Another commonality to all solutions is that they utilized the fact that manipulation of large integers can be done in O(1). They did this by packing the information from many integers into a single integer, then used arithmetic on the new integer as a form of performing parallel computation on all the integers that served as its source. We will call this packing procedure "encoding" and its reverse "decoding".

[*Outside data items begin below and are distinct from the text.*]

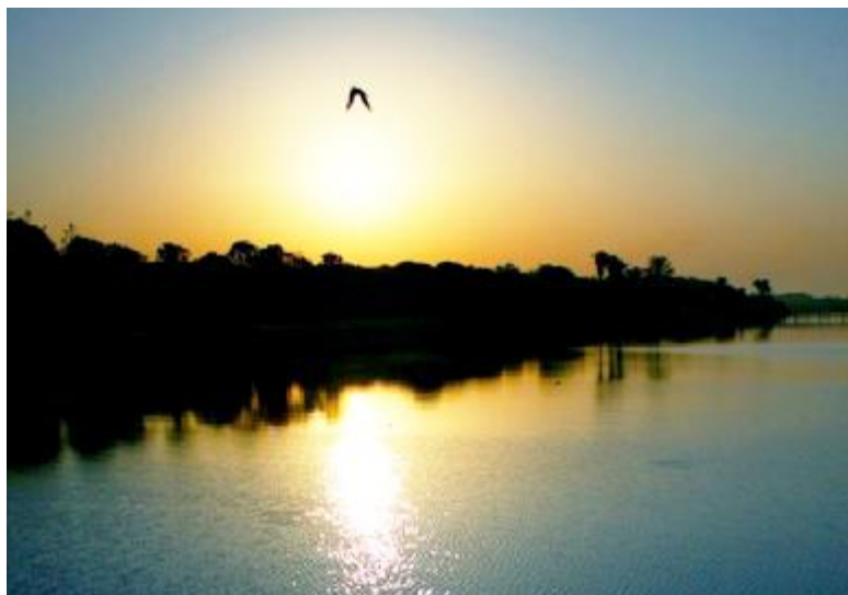
Ffoto: ED :-)
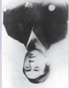
佐々木喜善(鏡石)(1886-1933) 柳田國男の『遠野物語』の読者、佐々木喜善(鏡石) 承(内)がある。
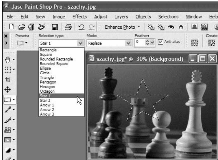
Rysunek 3.2. Wybór kształtu ramki wyboru
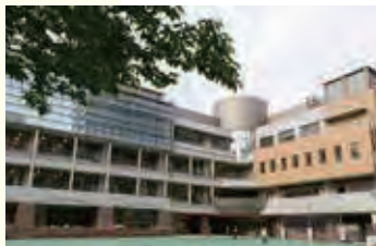
幼稚園児専用のスペース。校庭も小学生と時間を分けて使用

番町小学校と並び、東京を代表する名門公立小学校として知られています。前身となる学校の開校は明治時代。2校が統合し、新たな麹町小学校となったのは平成5年のこと。今年で25周年となります。施設も新しく、恵まれた快適な環境です。麹町幼稚園も同じ建物内にあり、園長先生と校長先生は兼任。幼稚園時代から同じ学び舎で8年、9年を過ごす子もおり、アットホームな雰囲気です。違う学年同士でのランチルーム給食や、1～6年生、縦割りグループのキッズ班で出かける全校遠足なども開催。全校児童504人が仲よく元気に過ごしています。
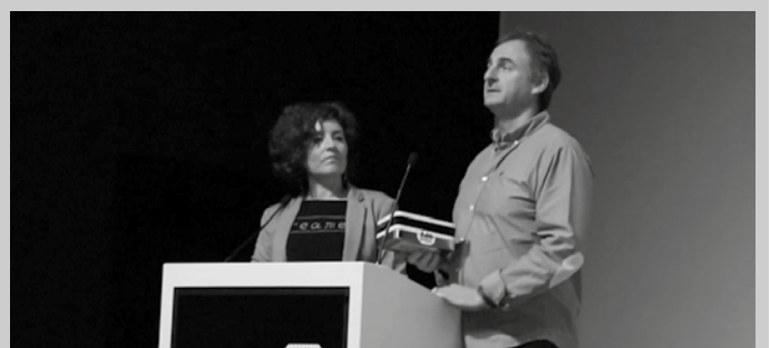
Xehetasunak larunbat honetan eskainiko dituzte.

laren 26an emango dituzte iragarpen honi buruzko xehetasun gehiago. Gogoan izan, otsaila amaierarako manifestazioa iragarria dutela Donostian.
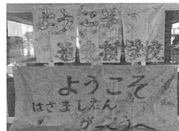
迫支援学校 「学校間交流」
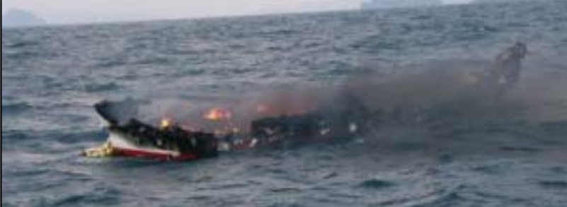
全焼状態の瀬渡しし船F丸

～事故からの教訓～ 無事救助に至ったのは船長がライフジャケットを着用していたのが大きな要因です。海水温度も比較的高かったようですが、災難は時を択びません。突然の事故のためにも乗船中は常時着用が基本です。船長は、携帯電話で助けを求める際、慌てていたため海に落としたそうです。
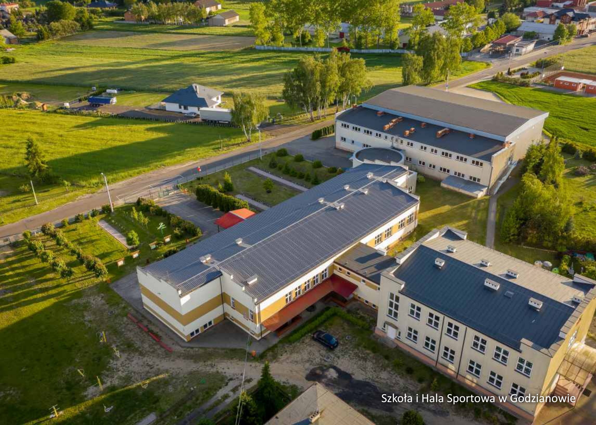
Szkoła i Hala Sportowa w Godzianowie
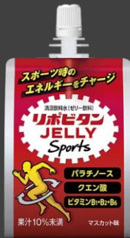
清涼飲料水(ゼリー飲料)
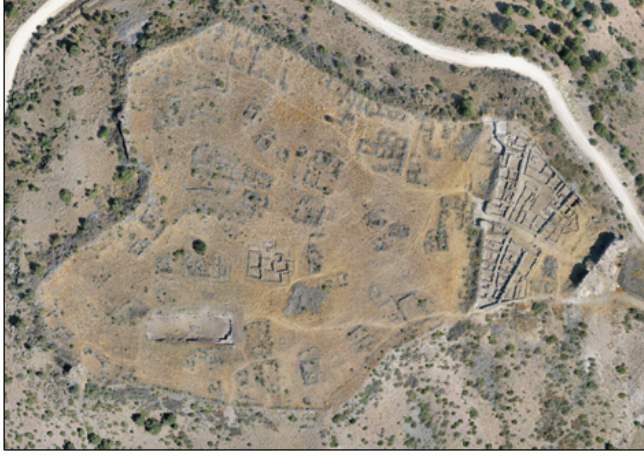
Karacahisar Kalesi Hava Fotoğrafi

XI. yüzyılın ikinci yarısından itibaren Selçuklu ile Bizans arasındaki hâkimiyet mücadelelerinin yoğun yaşandığı sınır hattında yer alan Karacahisar Kalesi'nin bu süreçte üstlendiği rolü ve kaledeki hâkim güçleri aktaran herhangi bir kaynak yoktur. Kalenin Dorylaion ve Miryokefalon savaşlarında etkin bir rol oynaması muhtemel olmakla birlikte, 1175 yılında gerçekleşen Miryokefalon savaşı sonrasında yıkılması kararlaştırılan kalelerden biri olan Dorylaion kalesi 20 ile kastedilenin Karacahisar olması muhtemeldir.
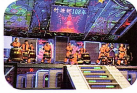
中秋太鼓聯歡晚會

At this point, solutions divided into two major approaches, depending on the basic type of encoding used. One way was to encode the set of numbers {xi} by the cumulative OR of 1<<xi. I call this "the set-based approach". The other way was to encode the vector of values x0, ..., xn-1 by the sum of xi2i*width, where width is chosen to be a large enough number so that "max(xi)" is a number that has at most width bits. This is "the vector-based approach".

The set-based approach further requires, at its core, uniqueness of the set elements, so most solutions kept a count of the number of times each integer appears in the input array. One way to do this is by use of an additional array of size "max(array)+1". This is similar to what is done in Bucket sorting.

The set-based approach lends itself naturally to very elegant solutions, as soon as one learns the basics of how to use it. For example, note that "B&-B" is a way to calculate the position of the least '1' in "B". Using this simple function, one can encode the original set of numbers in O(n), then read them out, smallest to largest, again in O(n). This solution is implemented here.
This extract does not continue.